Ok! Welcome to weekly training tips by Geared Strength! I’m excited to get these going for you all.
Before I get started I just wanted to say that I hope you all are doing ok, you and your family and friends are safe and healthy during this time. So far those closest to me remain unaffected by COVID-19 but I have had some contacts just outside of our circle become affected but thankfully on the mend. It’s possible that from here on out the landscape could look a little different for us but I feel as though the mountain bike community will hold strong and stay a strong community of riding support.
Alright. let’s get into this weeks training tip. Heart rate recovery.

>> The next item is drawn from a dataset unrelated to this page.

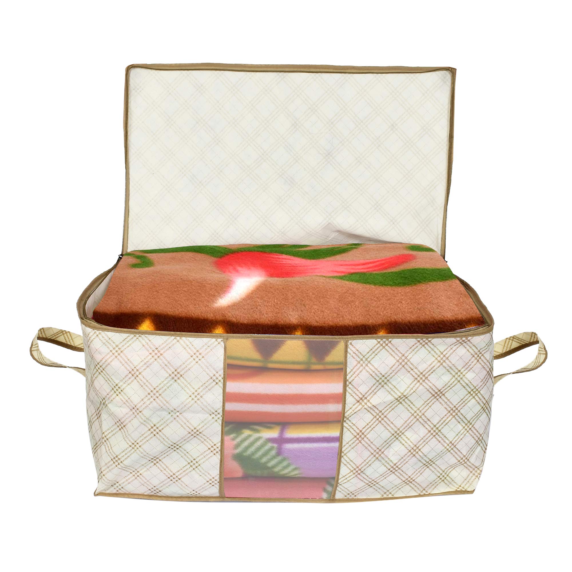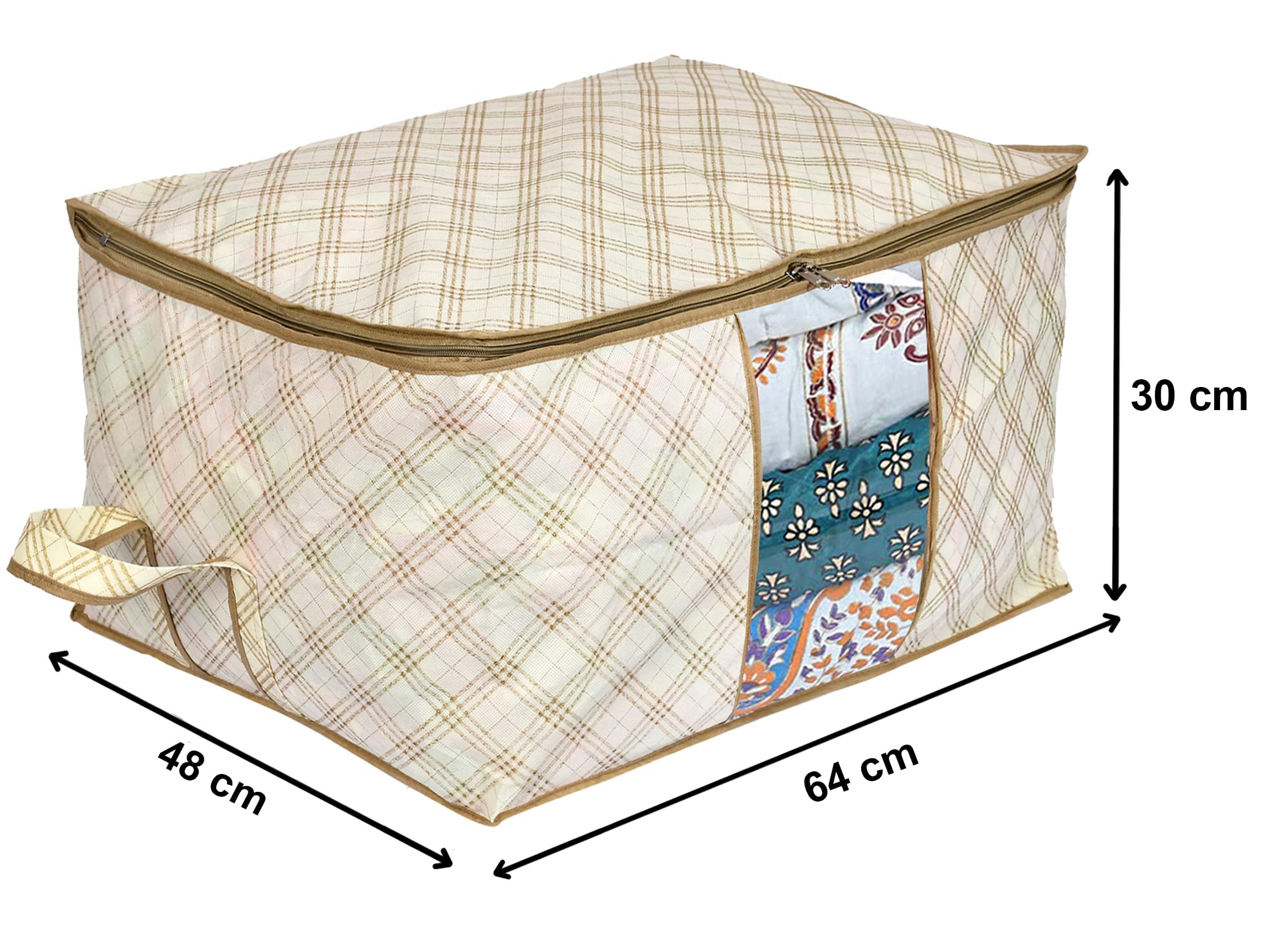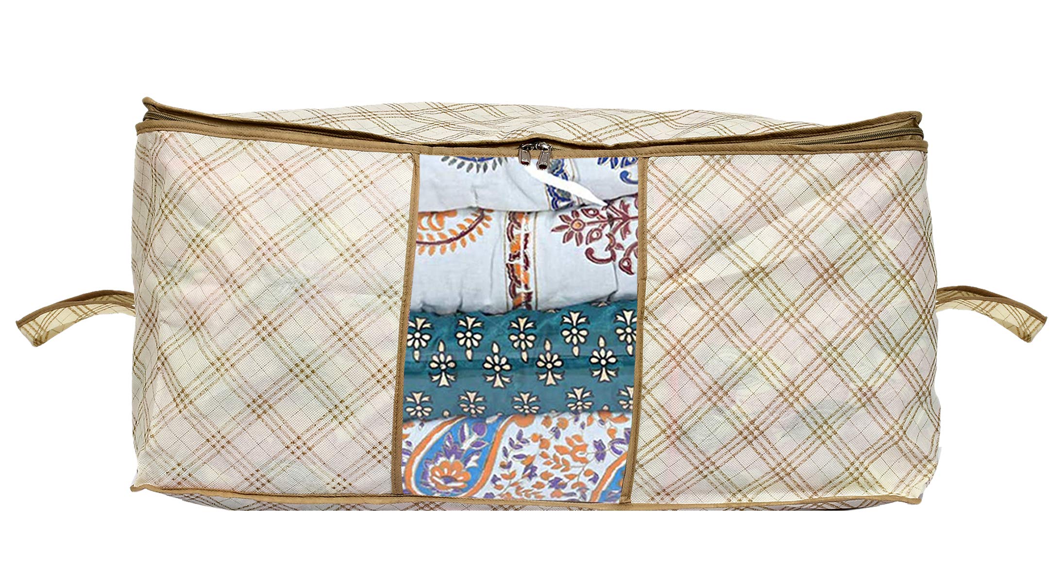 Heart Home under bed storage bag extends the storage capacity. In this, you can store many of your things that are roaming everywhere in your house due to a less fixed place. It helps in keeping the things well-organized and minimizes your organizing efforts. It also saves your time of searching across the wardrobes and rooms. The under bed bag is made spacious to hold your essentials that don’t occupy much space and has ample storage space and capacity. You can keep the bag under your bed, when not needed. The transparent front window given in the bag facilitates easy peeking inside the bag to find things without creating a mess. Its window is comparatively wide that allows a fuller view inside. Its two-way zippers offer more ease to keep and bring properly, without disturbing other items and creating a mess.Detailed Specifications:

What it is, why it’s important to work on for your riding, and how to work on it.
LET’S DO THIS.
Why is heart rate recovery important for our riding? Mountain biking as a whole can be the same as HIIT interval training. Especially on multi-terrain, techy single tracks. When we fatigue we lose motor skills. The quicker your heart can recover the better your skills and bike handling stay intact. The stronger your heart is the quicker it can get oxygenated blood back to your working muscles so you can get on with your ride!
What is heart rate recovery? It’s a pulse measurement taken immediately after intense exertion or exercise.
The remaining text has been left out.